A question on those photographs of galaxies from space telesccopes

You’ve probably seen them, such as the one here from Hubble, or this from JWST. If you don’t want to click through, these are just the typical deep space photographs of scores of galaxies in a single frame.

My question is, are these only visible at a specific location, or do they see this wherever they look in deep space (provided the view isn’t obscured by closer star systems and/or galaxies?

I realize it takes an incredible telescope to view these. The ones from Hubble, I believe I read, took days, if not weeks, to capture enough light to be able to resolve. I think JWST can do it in just hours. But, do they have to know where to look to find these, or are they simply anywhere they look that doesn’t have anything closer in the way?

They look anywhere that there’s not a nearby bright object in the way. Everywhere you can look, if you look long enough, you’ll see very distant galaxies.

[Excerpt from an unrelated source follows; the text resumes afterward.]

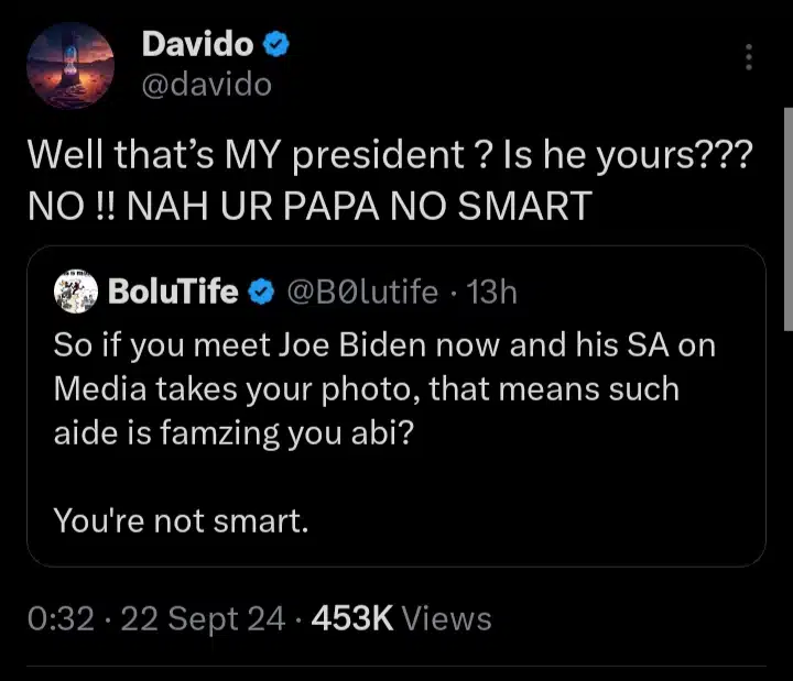 “Well that’s MY president ? Is he yours??? NO !! NAH UR PAPA NO SMART,” Davido wrote.

https://esahubble.org/science/deep_fields/

The observed region of sky in Ursa Major was carefully selected to be as empty as possible so that Hubble would look far beyond the stars of our own Milky Way and out past nearby galaxies.

I believe that the idea is to aim at a tiny “dark” portion of sky so as not to have the image completely obscured by intervening stars. You can see in the JWST image that it still happens, but it’s minimal. It’s not in the Hubble image, but I think that’s because the Hubble image consists of several dozen different overlaid and processed images to yield that final picture.

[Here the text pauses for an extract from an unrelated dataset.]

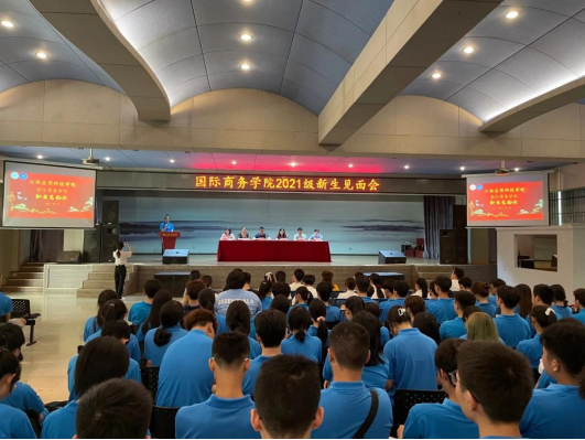2021年9月8日下午,国际商务学院在大学生活动中心演播大厅举行了2021年新生见面会。国际商务学院院长王慧、副院长涂湘莹、党总支副书记徐青、教务科副科长黄小艳、学工科副科长唐燕琴、21级全体新生参加了本次大会,本次会议由办公室副主任钟露主持。

I simple answer is that there are that many galaxies in every direction that you look, all over the sky, which is pretty mind boggling.

As noted above they get these fine pictures by looking at a dark area of the sky where other light sources aren’t interfering with the view. But the entire orb of the heavens would look like that if not for other stuff blocking the view.

Thanks for the responses. Your answers are what I was thinking.

These answers do make me wonder, though. They also say they are looking back at the big bang. That some of the galaxies in the JWST photo are 13.6 billion light years away, with the big bang occurring 13.7 billion years ago. Does that mean that anywhere you look that isn’t compromised by intervening stars (or other matter), you can see galaxies from 13.6 billion years ago? In today’s universe, those would have had to be fairly close together, correct? I know the universe is expanding, but we can’t be at the center of that expansion, can we?

Also, if some of those galaxies are 13.6 billion years old, they likely do not exist, anymore, correct? Well, the galaxies may still exist, but the stars that produced the light we are seeing no longer exist. This all seems so very strange.

Yes we can. Everywhere is the center of the universe which is something that is also hard to comprehend.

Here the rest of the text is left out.